Fully Qualified Column Name Type Modifier
metadata_column RECORD NULLABLE
metadata_column.message_partition INTEGER NULLABLE
metadata_column.message_offset INTEGER NULLABLE
metadata_column.message_topic STRING NULLABLE
metadata_column.message_timestamp TIMESTAMP NULLABLE
metadata_column.load_time TIMESTAMP NULLABLE

Errors Handling

The response can contain multiple errors which will be sent to the application.

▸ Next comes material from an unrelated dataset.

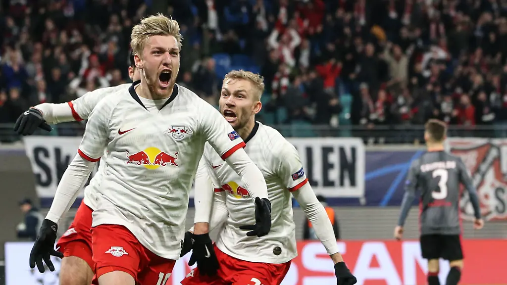 Emil Forsberg drückte das Trikot, durchnässt von Schweiß und von Rasenflecken grün verfärbt, in seinen Händen zusammen. Das Trikot mit der Nummer 10, in dem er RB Leipzig erst per Elfmeter (90.) und dann mit dem Kopf in der sechsten Minute der Nachspielzeit ins Achtelfinale der Champions League befördert hat. Nur zehneinhalb Jahre nach der umstrittenen Gründung des Red-Bull-Klubs und dem Start in der fünften Liga hat es Rasenballsport in die K.-o.-Phase der Champions League geschafft. Der Doppelpack des Schweden binnen sieben Minuten zum 2:2 (0:1) gegen Benfica Lissabon krönte die atemlose Schlussphase eines verrückten Spiels, in dem es lange so aussah, als müssten die Feierlichkeiten vertagt werden. Umso heftiger eruptierten die Emotionen. Der Jubel beim Ausgleich in der neunminütigen (!) Nachspielzeit erinnerte an Naby Keitas Siegtreffer gegen Borussia Dortmund im allerersten Bundesliga-Heimspiel.

Error Name Generic Error Type Description
Stopped Error SINK_5XX_ERROR Error on a row insertion that happened because insert job is cancelled because other record is invalid although current record is valid
Out of bounds Error SINK_4XX_ERROR Error on a row insertion the partitioned column has a date value less than 5 years and more than 1 year in the future
Invalid schema Error SINK_4XX_ERROR Error on a row insertion when there is a new field that is not exist on the table or when there is required field on the table
Other Error SINK_UNKNOWN_ERROR Uncategorized error

Google Cloud Bigquery IAM Permission

Several IAM permission is required for bigquery sink to run properly,

  • Create and update Table
    • bigquery.tables.create
    • bigquery.tables.get
    • bigquery.tables.update
  • Create and update Dataset
    • bigquery.datasets.create
    • bigquery.datasets.get
    • bigquery.datasets.update
  • Stream insert to Table
    • bigquery.tables.updateData

Further documentation on bigquery IAM permission here.